更に、必要に応じて、収容された麺塊5の上部に具材7またはスープ等を適宜収容可能である。容器の材質としては、プラスチック、紙、アルミニウム等の金属、またはそれらの積層体等が適宜採用可能である。蓋材は容器フランジ部にヒートシールすることにより行われるが、その他、高周波、超音波またはマイクロ波等を利用した内部加熱によるシールまたは食品衛生上影響の無い接着剤により密封することができる。また、蓋材を容器開口部に着脱自在に嵌合して閉封してもよい。
【0013】
【実施例】
小麦粉を主成分とする原料粉に、かん水、食塩、ポリリン酸塩等を配合した練水を添加し、ミキサーにて混捏して麺生地とした後、複合ロールを用いて麺帯とした。次いで当該麺帯を圧延ロールで圧延して厚さを1mmとし、#14角の切刃ロールで切り出して麺線とし、2分間蒸煮後、麺線長15cmに切断し、1.5分間茹で処理してアルファー化麺線とした。次にこの麺線を冷水にて30分間水洗し水分含量75%に調整した。次いで水切りした後、所定量(約170g)を後述のカップ状容器の内側面と略同テーパー形状を有するリテーナーに投入した。当該リテーナーはステンレス製で、上面と底面には、通気孔が多数形成され、底面は開閉自在に設置されていると共に下方側が広いテーパー形状を有している。表1に示す時間にて、前記リテーナー下方から、約90℃の熱風で所定時間一次乾燥した後、反転し、前記同様にリテーナー下方から、約90℃の熱風にて所定時間二次乾燥し実施例1〜3にて試料1〜3を得た。またこれら実施例と比較すべく一次乾燥のみに依存した比較例により比較試料を得た。前記試料の嵩高さおよび疎密構造を測定・観察した。
【0014】
その結果を表1に示してある。
【0015】
【表1】
Figure 0003924388
【0016】
【発明の効果】
本発明によれば、熱湯復元性および食感に優れた疎密構造を有する嵩高な乾燥麺塊を得ることできる。
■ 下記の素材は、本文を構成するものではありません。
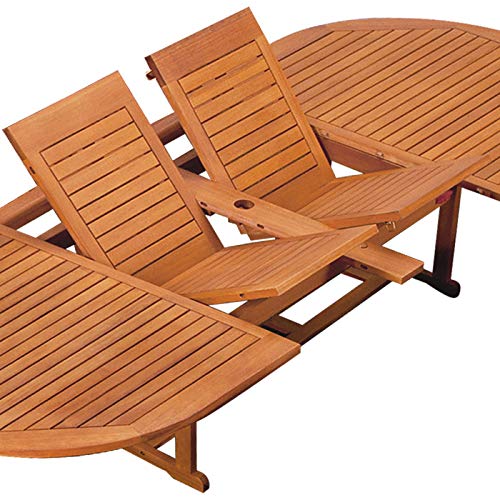 Im Handumdrehen haben Sie Ihren Terrassentisch um 40 oder 80 cm verlängert und Platz für mehr Gäste geschaffen. Öffnen Sie die Verschlüsse unter der Tischplatte und ziehen Sie diese in der Länge auseinander. Klappen Sie neuzeitlich eine oder beide Zusatzplatten nach oben auf und schieben Sie die Tischplatte wiederum aneinander. Zum Ende verallgemeinern Sie die Verschlüsse wiederum und Ihr Tisch ist vergrößert.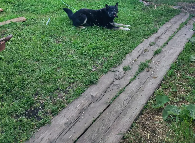 Кобель, помесь восточноевропейской овчарки, молодой ухоженный, с новым ошейником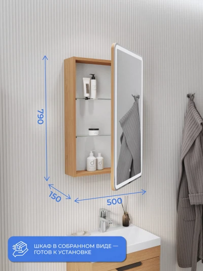 Зеркальный шкаф с подсветкой Итана Miro 50 правое Дуб Корбридж натуральный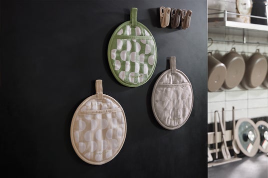テレビでも紹介されたマグネットでくっつけて収納できる、ミトン鍋敷きに丸形が追加発売。手にフィットしやすい丸形状にすることでミトンとしてもさらに使いやすくなりました。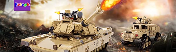 Feleph Military M1A2 Tank Model Kit with 5 Soldier Figures, Army WW2 Tank Custom Vehicles Set 1:28, 2 in 1 Building Bricks Toys for Model Lovers

また、本発明による熱風乾燥麺塊は、容器入り即席麺タイプとして使用する場合、特に、麺塊の側面が容器の内側面に接した状態にて麺塊の上方と下方に空間を形成するように収容して保持する場合には、従来の麺塊に比べて嵩高く容器内側面との接触面積が大きいため、容器内でしっかり保持されるため、流通時の振動により麺塊が容器内で転倒して破損することもない。
【0017】
また麺塊上面が平坦で麺線が密に形成されているため、乾燥具材等を麺塊上部に充填すると容器内の下方に落下すること無く麺塊上面に載置された状態を維持することができ見映えが良好である。更に、喫食における熱湯復元時には、麺塊下方に形成された空間と麺塊の疎密構造が相俟って、熱湯の対流効果により迅速且つ均一に復元調理することができる。
【図面の簡単な説明】
【図1】本発明の一次乾燥時の説明図である。
【図2】二次乾燥時の説明図である。
【図3】本発明による容器入り熱風乾燥麺の縦断面図である。
【図4】従来例の断面図である。
【符号の説明】
1 アルファー化麺線
2 リテーナー
3 通気孔
4 底蓋
5 麺塊
5a 麺塊の上部側面
6 容器
6a 容器内面側
7 具材
8 蓋材
C,C′ 空間

Claims (4)

  1. 熱風乾燥麺塊の製造方法であり、
    (1)アルファー化麺線を多数の通気孔が形成され底面が開閉自在で下方側が広いテーパー形状を有するリテーナーに麺塊となるよう定量充填する工程
    (2)前記麺塊の下部が保形性を有する程度に乾燥硬化させるため、リテーナーの下方から熱風により一次乾燥させる工程
    (3)前記リテーナーを反転することにより、麺塊上部となった前記乾燥硬化されて保形性を有する部分がリテーナー上部内側面に接して支持され、麺塊下部の麺線が垂下した状態にてリテーナーの下方から二次乾燥する工程
    を含むことを特徴とする熱風乾燥麺塊の製造方法。
  2. 前記アルファー化麺線がウエーブ付与されていることを特徴とする請求項1記載の熱風乾燥麺塊の製造方法。
  3. 前記リテーナーの通気孔が底面と上面のみに設けられていることを特徴とする請求項1または2記載の熱風乾燥麺塊の製造方法。
  4. (1)アルファー化麺線を多数の通気孔が形成され底面が開閉自在で下方側が広いテーパー形状を有するリテーナーに麺塊となるよう定量充填し、
    (2)前記麺塊の下部が保形性を有する程度に乾燥硬化させるため、リテーナーの下方から熱風により一次乾燥した後、
    (3)前記リテーナーを反転することにより、麺塊上部となった前記乾燥硬化されて保形性を有する部分がリテーナー上部内側面に接して支持され、麺塊下部の麺線が垂下した状態にてリテーナーの下方から二次乾燥することにより上面が平坦で且つ上部が密で下部が疎なる疎密構造を有する熱風乾燥麺塊を調製し、
    次いで、
    (4)前記麺塊をリテーナーから取り出した後
    (5)前記麺塊の少なくとも上部側面と略同テーパー形状を有する容器に、その容器内側面に少なくとも麺塊上部側面が接した状態にてその上方および下方に空間を形成するように収容し、
    (6)容器開口部を蓋材により閉封する
    ことを特徴とする容器入り熱風乾燥麺の製造方法。